Earlier in the day, several hundred students and staff gathered in Front Square to show solidarity with Zhao Ming. Dr. Li Shao (University of Nottingham) and Jonathan Guinness, Lord Moyne, both personal friends of Zhao Ming, addressed the crowd and painted a picture of a kind, gentle man enduring unimaginable suffering in a brutal forced labour camp. Lord Moyne also highlighted the need for China to respect human rights if it expects to be accepted as part of the global community. Richard Madigan and Brian MacSharry, representatives of the GSU, then emphasised the need to support a fellow student - a valued and respected member of Trinity's academic community. "This is someone who would have been lecturing you, who could have sat next to you in the library or the dining hall. Ming is not a faceless human rights cause - he is a man, he is a student, he is our friend," said GSU President Brian MacSharry. Students' Union President Rory Hearne then made an impassioned plea to the Irish Government to inter- cede on Ming's behalf. Other student groups showing support were the One World Society, Amnesty, and the Socialist Worker Student Society.
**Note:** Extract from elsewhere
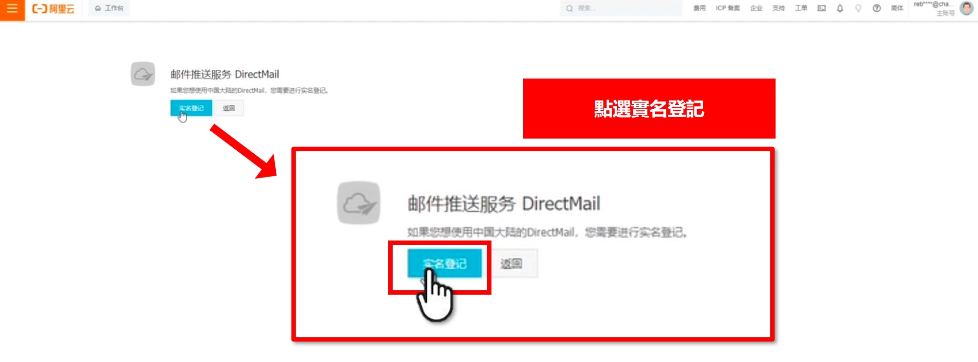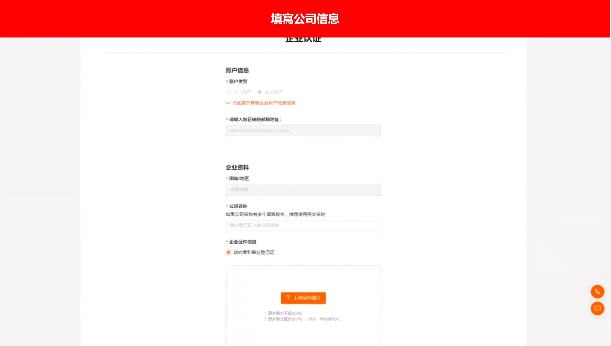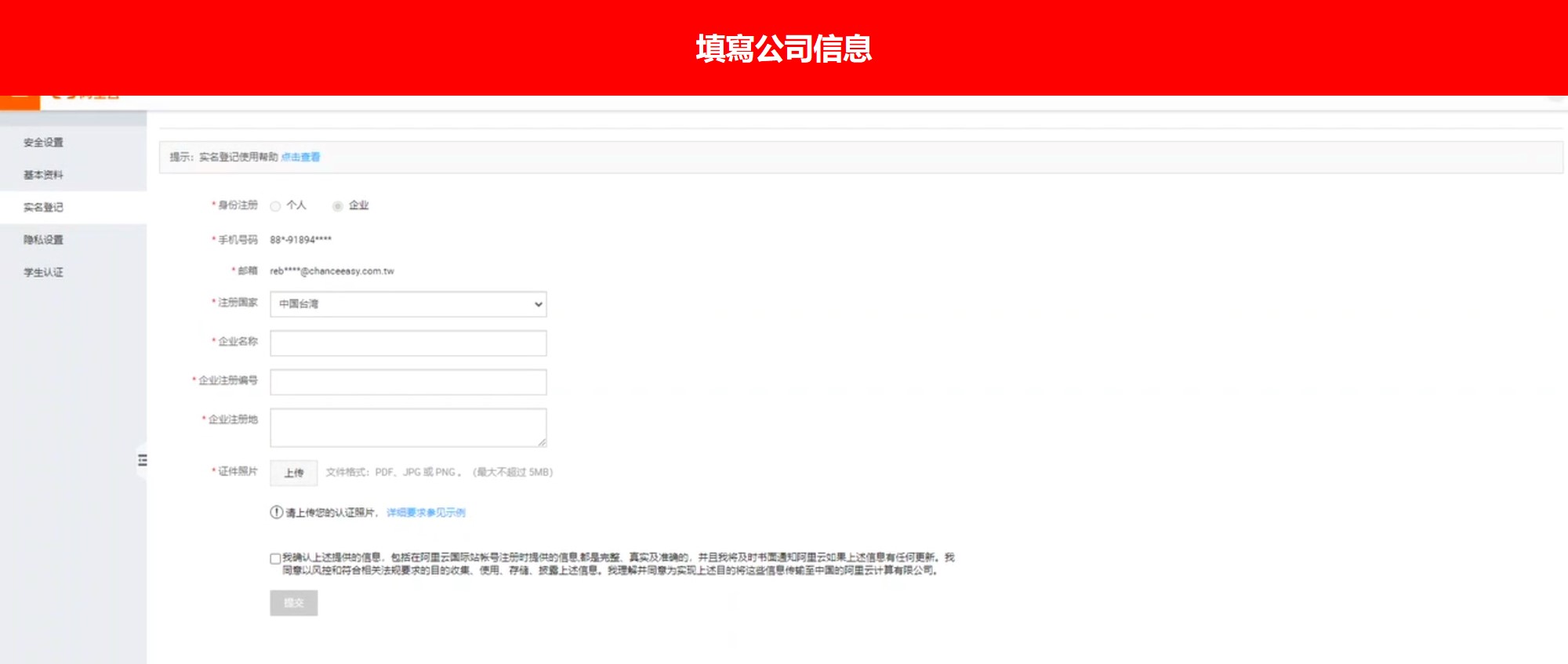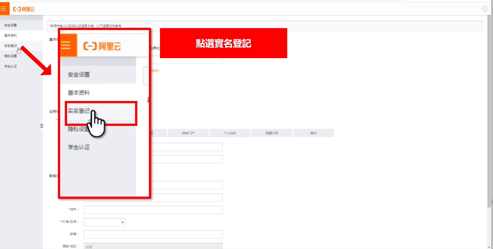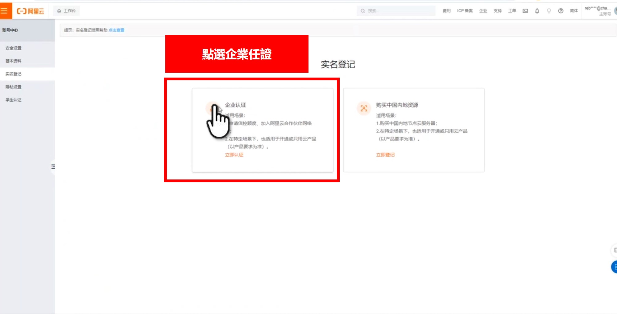 點選方式一 → 按下實名登記 → 填寫公司信息

Ming, a student in the Computer Science Department, returned to his hometown of Changchun to visit his family last Christmas. He was placed under house arrest after appealing to the State Council Complaints Office to end the religious persecution mandated by the Chinese authorities against practitioners of Falun Gong. The GSU began campaigning for his return to Ireland in February and attempted several times to open a dialogue with Chinese officials. In April, the GSU and SU organised a demonstration outside the Conrad Hotel, where Chinese Vice Premier Li Lanqinq resided during a state visit to Dublin. The GSU also contacted Irish Minister for Foreign Affairs Brian Cowen, who refused to address Ming's status with Chinese officials and claimed he had no consular authority to become involved. Soon after, authorities arrested Ming in Beijing, and his whereabouts remained unknown for several months. During this time, the GSU invited the Chinese Ambassador to confirm or deny reports regarding Zhao Ming's legal status and were ignored.
In October, sources within China reported that Ming had been incarcerated in the Tuan He farm labour camp in Daxing County, Beijing. Reports emerged that Ming has been beaten severely with batons and cattle prods, been deprived of sleep, and endured other more gruesome tortures. Again, Chinese embassy officials ignored overtures from Trinity students to confirm or deny reports. However on Wednesday evening, 3 hours into the siege, the Chinese embassy did eventually fax a press release to the GSU office. The press release did not address any of the issues raised by the GSU regarding Ming's whereabouts or personal health, but instead offered a tirade of generic party propaganda decrying the prevalence of cults throughout the worlds and the need to "educate and convert the majority" of cult followers. It claimed that any allegations of torture were "fabrications aimed at slandering China", and assured us that "the law enforcement is not the torture in any sense [sic]." The fax concluded by saying that "this is an entirely internal affair which brooks no interference whatsoever by any country, any organisation and anyone in the world".
As news of Ming's health became more grim, the GSU and SU co-ordinated efforts with Suzy and Jonathan Guinness, Lord Moyne, friends of Zhao Ming from the UK, and local Falun Gong practitioners to highlight Ming's case in Irish and inter- national media. The GSU and SU have stated that they will step up their efforts until Ming is allowed to return to Trinity and continue his studies.